I often get emails from people asking for book recommendations, and the most common request is from people who describe themselves as “just starting out”, or are looking for a “basic introduction” to critical thinking. Then I ask if they have any specific areas of interest in mind (science, psychology, religion, business, rhetoric, logic, …?), and that usually helps me decide what to recommend.
My “starter kit” recommendation is to pick a good introductory book on basic argumentation and fallacies written from a logic/philosophy perspective, plus a good introductory book on the psychology of reasoning and decision making (something in the “biases and heuristics” tradition), and then a book that might be more specifically focused on their areas of interest.
Here are the two books that I often recommend in the first two categories.
A Rulebook for Arguments (Anthony Weston)
Anthony Weston is a professor of philosophy at Elon College in North Carolina. He works mainly in the areas of environmental philosophy and the philosophy of education. Early in his career (the first edition is 1987, it’s now on its fourth edition) he wrote this little gem that has subsequently been used as a supplementary text in many introductory philosophy courses.
A Rulebook for Arguments has ten short chapters that are organized as follows:
1. Composing a Short Argument: Some General Rules
2. Arguments by Example
3. Arguments by Analogy
4. Arguments from Authority
5. Arguments about Causes
6. Deductive Arguments
7. Composing an Argumentative Essay: Exploring an Issue
8. Composing an Argumentative Essay: Main Points of the Essay
9. Composing an Argumentative Essay: Writing
10. Fallacies
Appendix: Definitions
I’m a fan of Weston’s work in environmental philosophy, and I’m a fan of this little book.
Thinking, Fast and Slow (Daniel Kahneman)
Daniel Kahneman and Amos Tversky pioneered the experimental study of human reasoning and decision making, creating what we now call the “biases and heuristics” research program in cognitive psychology and behavioral economics. Tversky passed away in 1996 but Kahneman won the Nobel Prize in Economics 2002 for their work on “prospect theory”, an alternative to traditional economic rational choice theory in economics. Kahneman’s recent work is on the psychology of happiness.
In 2011 Kahneman published Thinking, Fast and Slow, a big book written for a general audience that summarizes key findings in all of the main areas of his work, and in the field more broadly.
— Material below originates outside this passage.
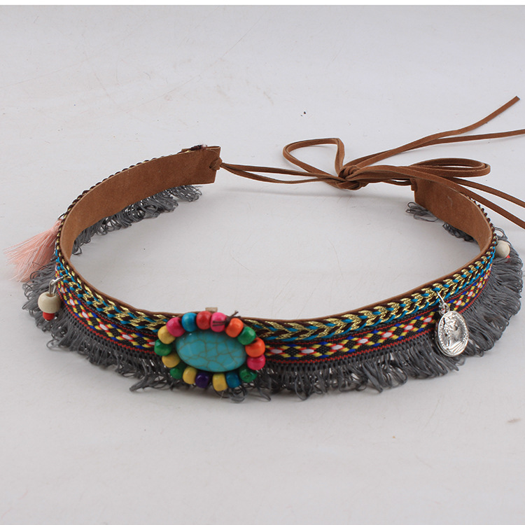 レトロなウエストチェーン付きクロスボーダー帽子、タッセル刺繍付き帽子装飾ベルト、ブラウンPUレザーベルト、牛頭装飾麦わら帽子

It’s a wonderful (and in some places disturbing) introduction to the psychology of cognitive biases, fallacies of probabilistic reasoning and decision making, the psychology of human choice and decision making, and the psychology of human happiness.
Here’s an editorial blurb from the publisher:
Kahneman takes us on a groundbreaking tour of the mind and explains the two systems that drive the way we think. System 1 is fast, intuitive, and emotional; System 2 is slower, more deliberative, and more logical. Kahneman exposes the extraordinary capabilities—and also the faults and biases—of fast thinking, and reveals the pervasive influence of intuitive impressions on our thoughts and behavior. The impact of loss aversion and overconfidence on corporate strategies, the difficulties of predicting what will make us happy in the future, the challenges of properly framing risks at work and at home, the profound effect of cognitive biases on everything from playing the stock market to planning the next vacation—each of these can be understood only by knowing how the two systems work together to shape our judgments and decisions.
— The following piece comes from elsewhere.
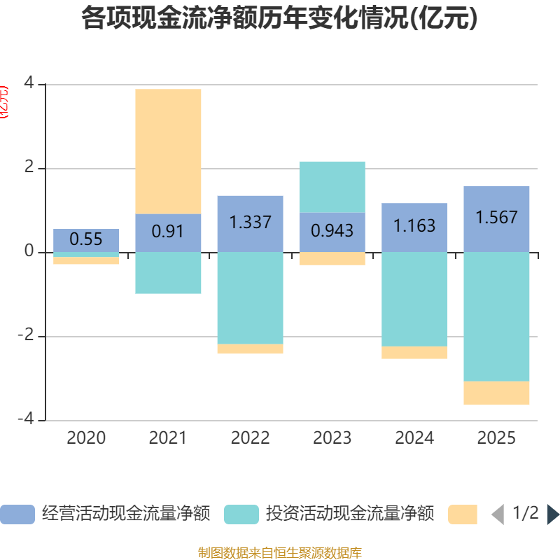 截至2025年,公司经营活动现金流净额为1.57亿元,同比增长34.68%;筹资活动现金流净额-5558.03万元,同比减少2604.22万元;投资活动现金流净额-3.08亿元,上年同期为-2.25亿元。

Engaging the reader in a lively conversation about how we think, Kahneman reveals where we can and cannot trust our intuitions and how we can tap into the benefits of slow thinking. He offers practical and enlightening insights into how choices are made in both our business and our personal lives—and how we can use different techniques to guard against the mental glitches that often get us into trouble. Thinking, Fast and Slow will transform the way you think about thinking.
It’s all true. For would-be critical thinkers, the concepts discussed in this book are absolutely vital.